▶ [Work to complete]:
In the data below, the answer is the run of lines from the line containing "Zestaw spinek mocujących" through the line containing "ryoさんは、得意のアルコールストーブで、ファイヤー!", both included; print it exactly and nothing else.

▶ [Task inputs]:
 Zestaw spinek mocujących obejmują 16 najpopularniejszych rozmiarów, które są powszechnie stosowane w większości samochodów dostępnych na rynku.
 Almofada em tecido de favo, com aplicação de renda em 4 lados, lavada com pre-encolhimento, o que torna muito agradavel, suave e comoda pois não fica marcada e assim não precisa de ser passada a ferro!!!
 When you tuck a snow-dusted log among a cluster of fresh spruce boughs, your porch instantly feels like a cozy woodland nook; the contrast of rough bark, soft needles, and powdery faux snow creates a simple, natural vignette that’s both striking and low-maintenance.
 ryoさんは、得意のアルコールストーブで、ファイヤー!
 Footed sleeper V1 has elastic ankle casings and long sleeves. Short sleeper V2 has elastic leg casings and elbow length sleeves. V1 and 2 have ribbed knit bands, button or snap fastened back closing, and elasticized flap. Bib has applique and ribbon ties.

--

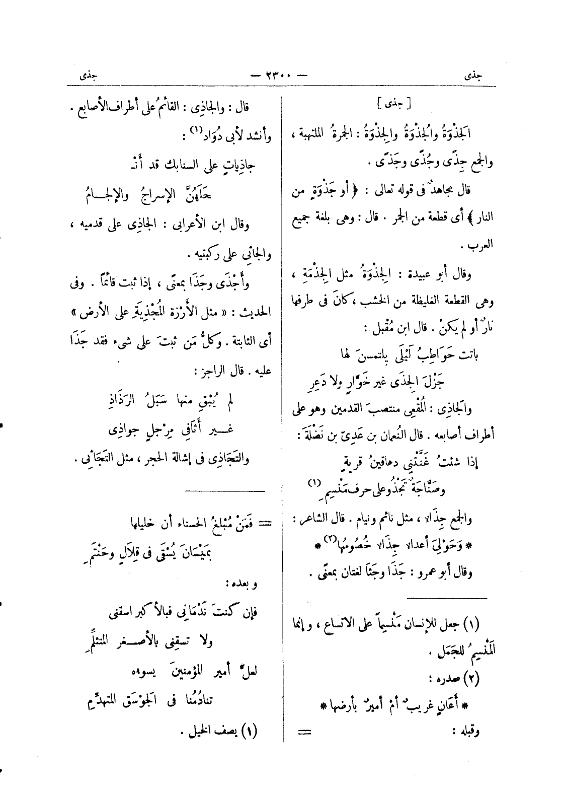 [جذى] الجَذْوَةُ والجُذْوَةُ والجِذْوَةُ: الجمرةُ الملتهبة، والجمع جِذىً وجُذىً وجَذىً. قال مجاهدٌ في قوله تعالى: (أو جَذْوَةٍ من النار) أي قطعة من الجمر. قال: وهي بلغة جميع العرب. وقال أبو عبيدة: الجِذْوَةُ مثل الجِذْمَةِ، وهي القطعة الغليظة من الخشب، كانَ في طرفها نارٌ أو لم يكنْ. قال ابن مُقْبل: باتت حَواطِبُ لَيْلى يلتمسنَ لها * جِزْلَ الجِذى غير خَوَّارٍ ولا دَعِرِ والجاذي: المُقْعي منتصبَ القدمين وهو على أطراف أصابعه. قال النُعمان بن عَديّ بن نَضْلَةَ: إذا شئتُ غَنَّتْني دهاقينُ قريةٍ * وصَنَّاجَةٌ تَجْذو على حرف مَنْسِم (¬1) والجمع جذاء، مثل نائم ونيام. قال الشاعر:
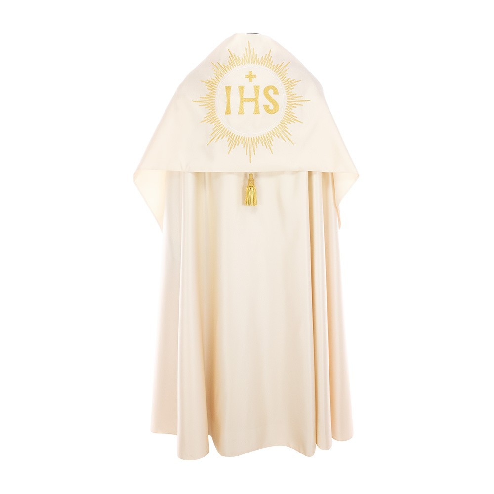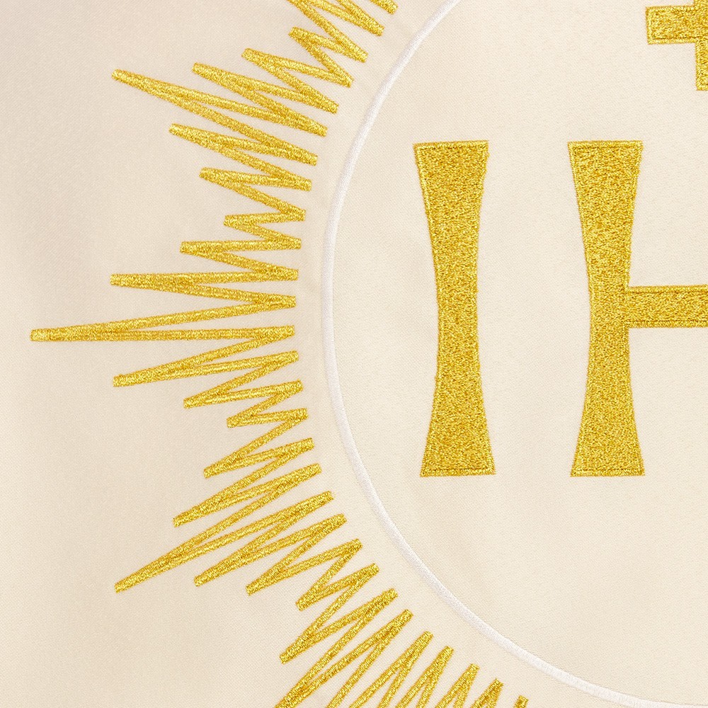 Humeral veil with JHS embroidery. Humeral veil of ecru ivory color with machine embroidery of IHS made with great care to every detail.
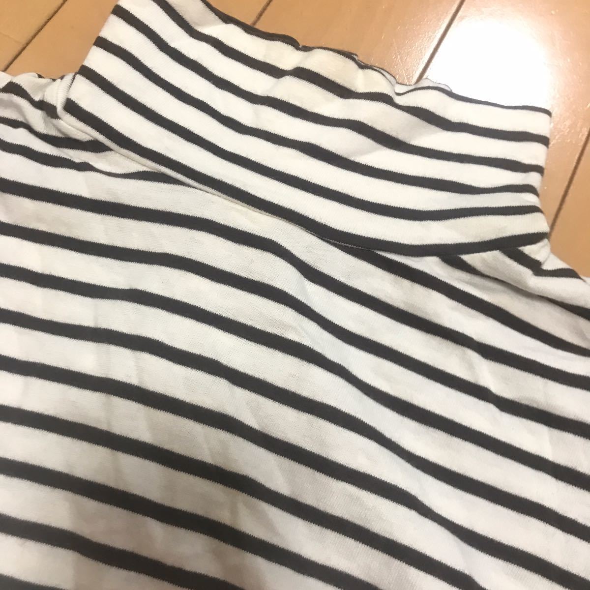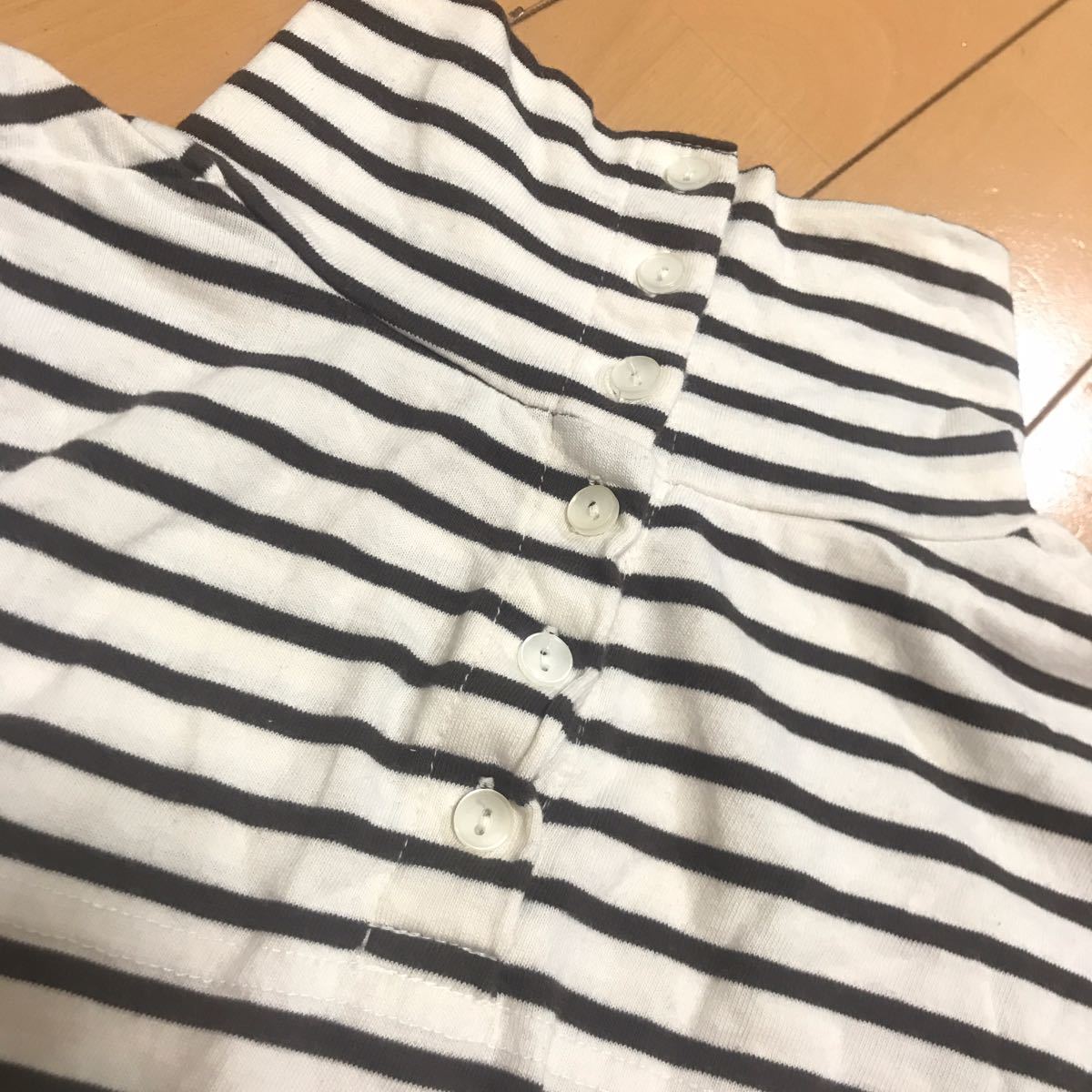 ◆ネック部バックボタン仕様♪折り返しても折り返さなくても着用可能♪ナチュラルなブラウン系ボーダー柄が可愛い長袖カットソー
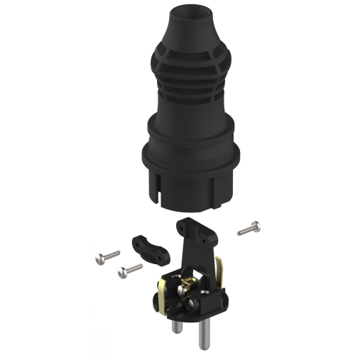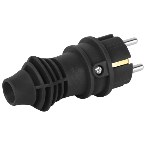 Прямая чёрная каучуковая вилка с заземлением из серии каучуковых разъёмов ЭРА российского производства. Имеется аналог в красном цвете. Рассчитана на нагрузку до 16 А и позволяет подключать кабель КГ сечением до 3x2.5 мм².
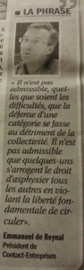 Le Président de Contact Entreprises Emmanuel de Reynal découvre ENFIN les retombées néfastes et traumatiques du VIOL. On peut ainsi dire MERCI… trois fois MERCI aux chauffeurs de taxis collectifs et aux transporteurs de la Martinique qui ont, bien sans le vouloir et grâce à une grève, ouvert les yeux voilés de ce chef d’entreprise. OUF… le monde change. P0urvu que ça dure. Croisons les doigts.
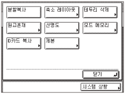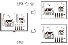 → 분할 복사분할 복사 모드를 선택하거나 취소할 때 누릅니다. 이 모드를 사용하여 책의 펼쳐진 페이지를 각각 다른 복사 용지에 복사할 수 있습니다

▶ [Problem solution]:
 Zestaw spinek mocujących obejmują 16 najpopularniejszych rozmiarów, które są powszechnie stosowane w większości samochodów dostępnych na rynku.
 Almofada em tecido de favo, com aplicação de renda em 4 lados, lavada com pre-encolhimento, o que torna muito agradavel, suave e comoda pois não fica marcada e assim não precisa de ser passada a ferro!!!
 When you tuck a snow-dusted log among a cluster of fresh spruce boughs, your porch instantly feels like a cozy woodland nook; the contrast of rough bark, soft needles, and powdery faux snow creates a simple, natural vignette that’s both striking and low-maintenance.
 ryoさんは、得意のアルコールストーブで、ファイヤー!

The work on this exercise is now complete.